# The Stacks Project

## Tag 0BBJ

Lemma 15.24.5. Let $R$ be a ring. Let $M$ be a finite $R$-module. Let $f \in R$ be an element such that $M_f$ is finite locally free of rank $r$. Then there exists a finitely generated ideal $I \subset R$ with $V(f) = V(I)$ such that for all $a \in I$ with $R' = R[\frac{I}{a}]$ the strict transform $$M' = (M \otimes_R R')/a\text{-power torsion}$$ is locally free of rank $r$.

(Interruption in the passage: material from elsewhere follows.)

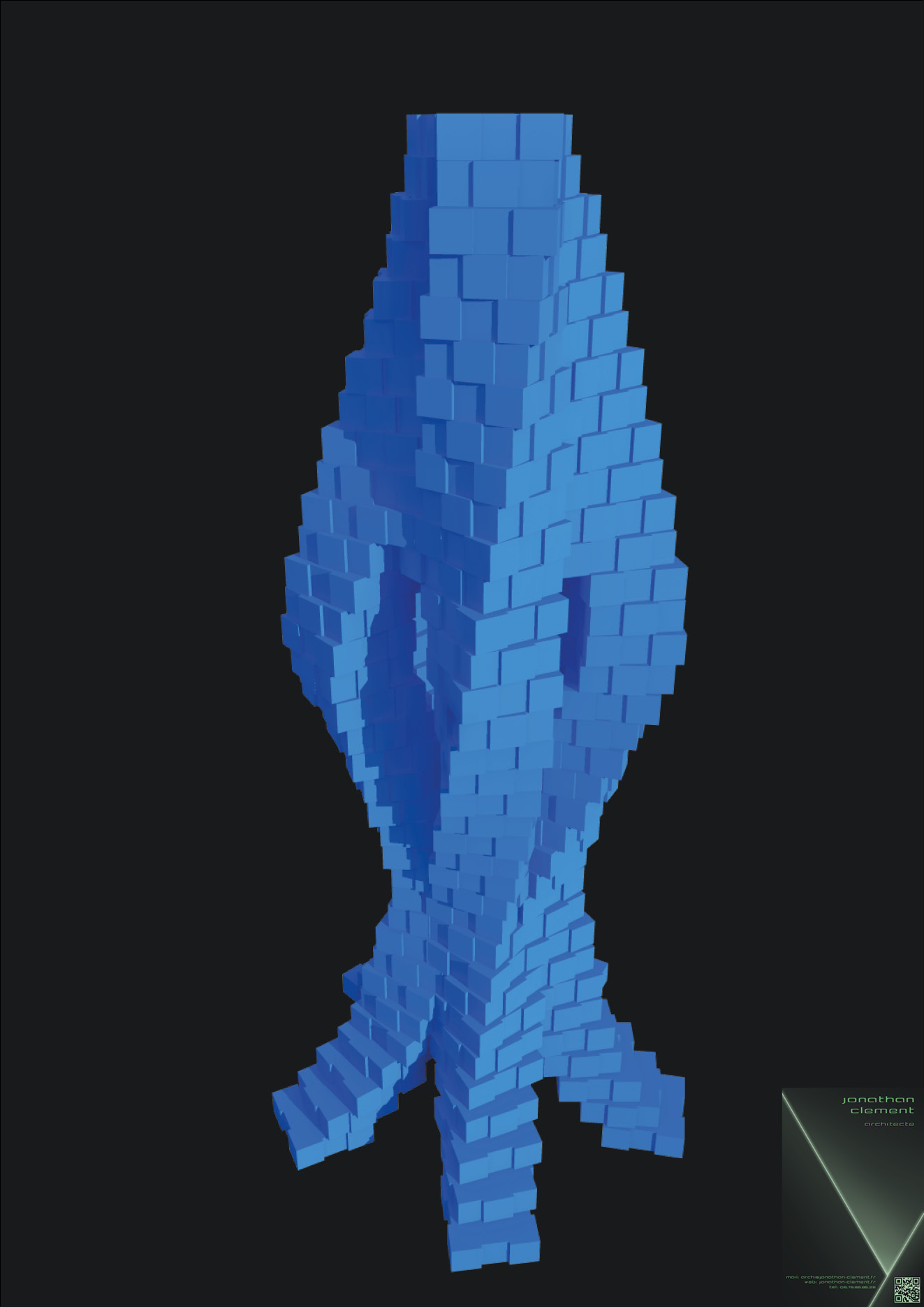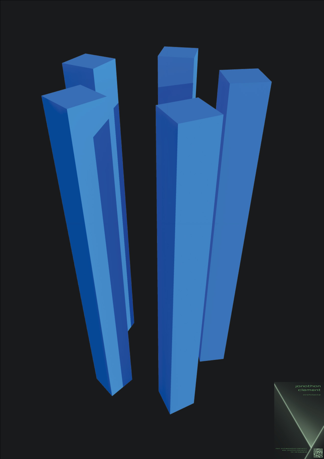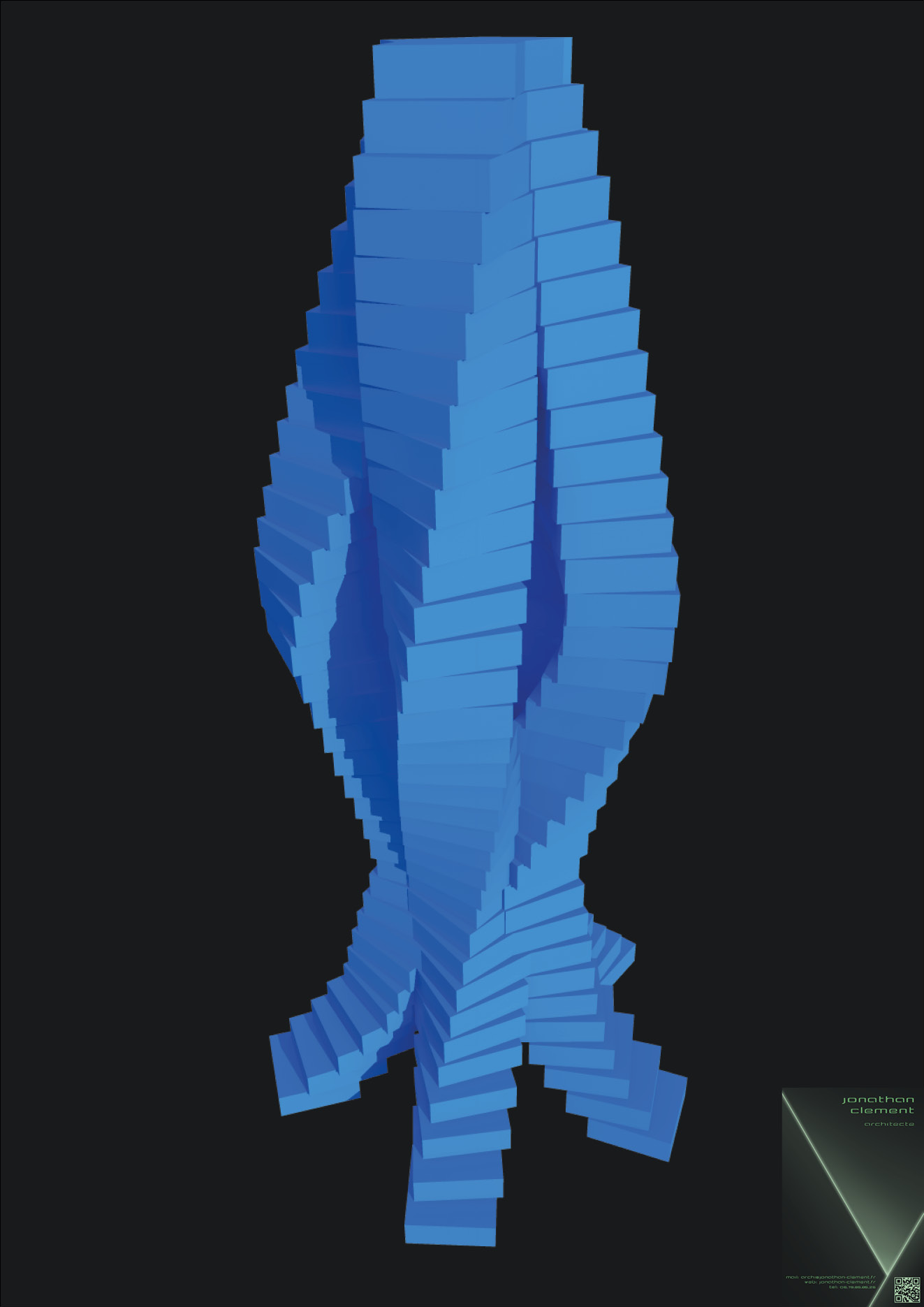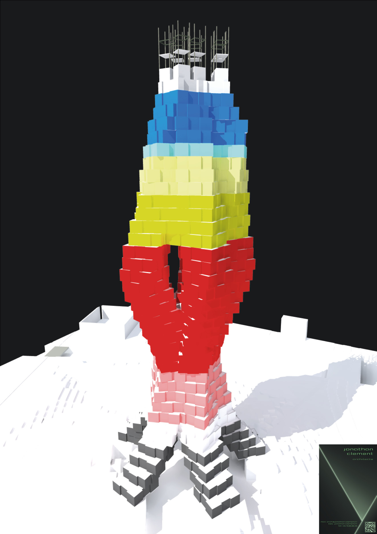 et écrivent un relief sur le territoire pour donner naissance à une tour. Les branches qui constituent ce volume possèdent chacune une donnée du programme. Le mouvement vertical qu’elles produisent permet une mixité des circulations internes sur le plan horizontal. De plus, cela favorise un éclairage naturel au centre de cette tour. Le noyau est de ce fait ouvert et devient un espace de croisement convivial entre les différentes composantes du programme. Ce mouvement est centré sur la circulation verticale qui dessert l’édifice. Afin de créer une qualité spatiale, chaque branche tourne sur elle-même pour que les vues internes que propose l’édifice varient selon chaque étage. Pour créer un aspect vivant à cette tour, la double peau qui compose les parois est équipée de lamelles verticales de ton bleuté dont leurs orientations varient en fonction des besoins des usagers. De ce fait, elle n’offre jamais une vision unique de sa forme et de ses reflets.
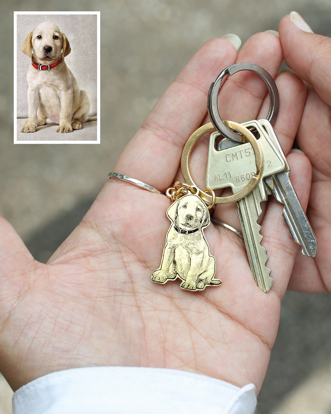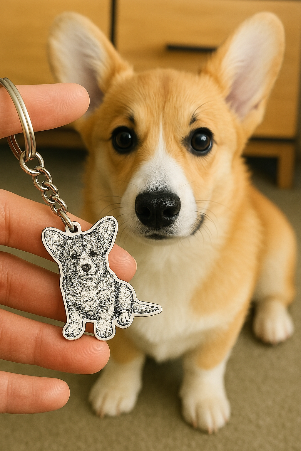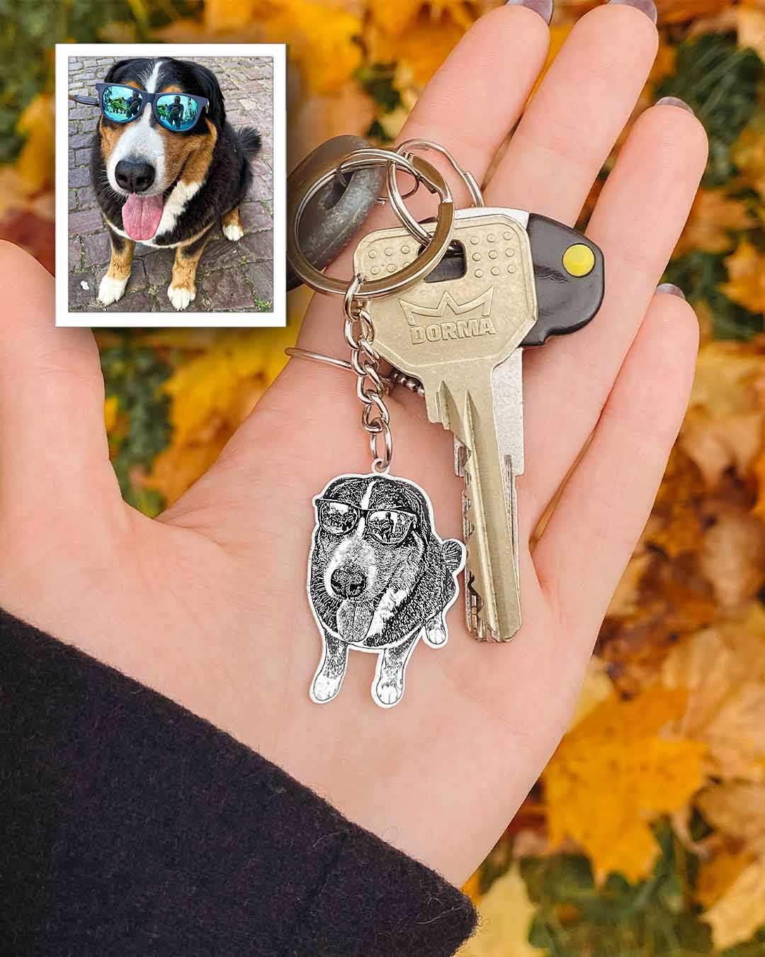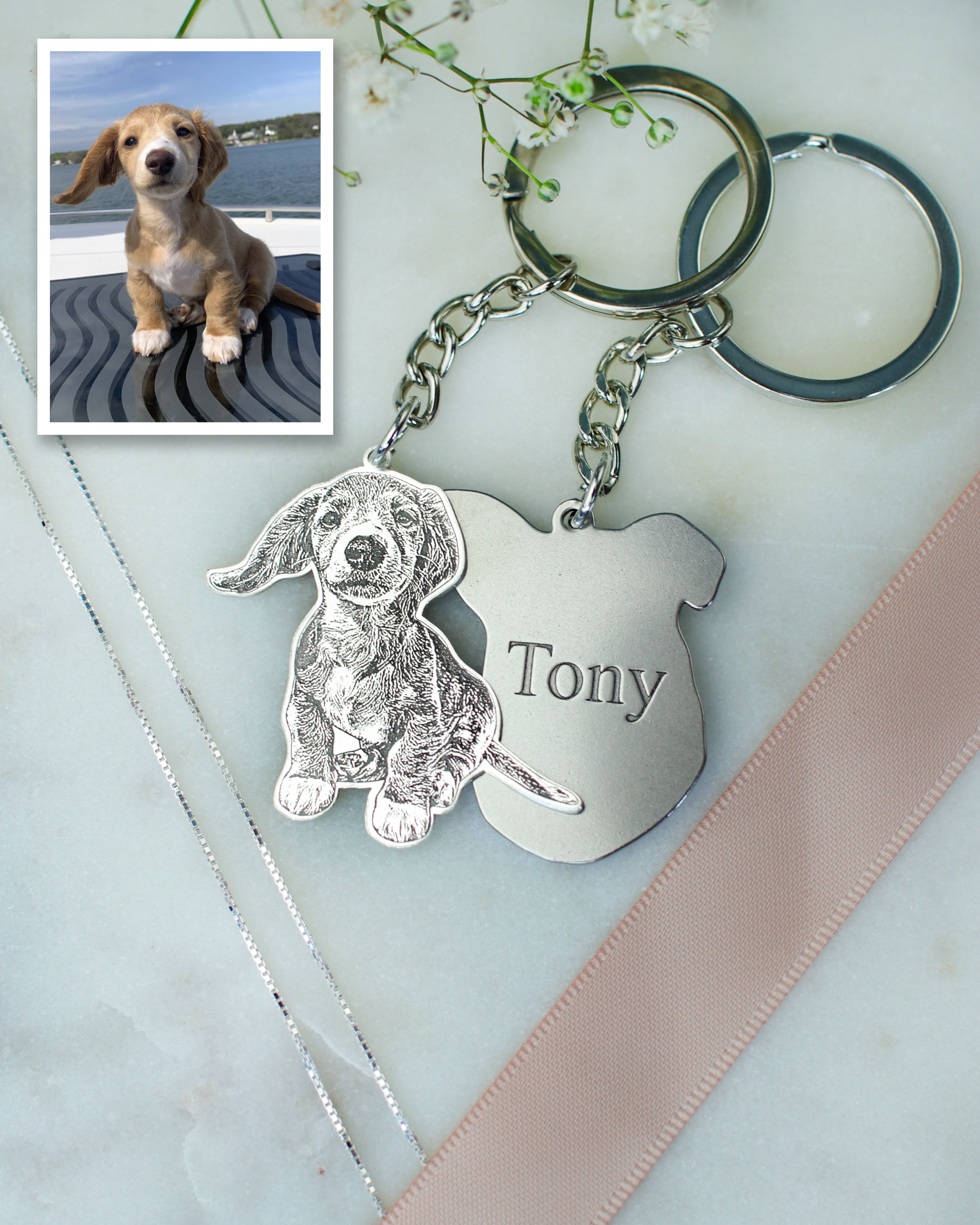 "I'm over the moon with my new personalized dog keychain! It's been tough not seeing my dog's face every day.."

Proof. Choose a surjection $R^{\oplus n} \to M$. Choose a finite submodule $K \subset \mathop{\rm Ker}(R^{\oplus n} \to M)$ such that $R^{\oplus n}/K \to M$ becomes an isomorphism after inverting $f$. This is possible because $M_f$ is of finite presentation for example by Algebra, Lemma 10.77.2. Set $M_1 = R^{\oplus n}/K$ and suppose we can prove the lemma for $M_1$. Say $I \subset R$ is the corresponding ideal. Then for $a \in I$ the map $$M_1' = (M_1 \otimes_R R')/a\text{-power torsion} \longrightarrow M' = (M \otimes_R R')/a\text{-power torsion}$$ is surjective. It is also an isomorphism after inverting $a$ in $R'$ as $R'_a = R_f$, see Algebra, Lemma 10.69.4. But $a$ is a nonzerodivisor on $M'_1$, whence the displayed map is an isomorphism. Thus it suffices to prove the lemma in case $M$ is a finitely presented $R$-module.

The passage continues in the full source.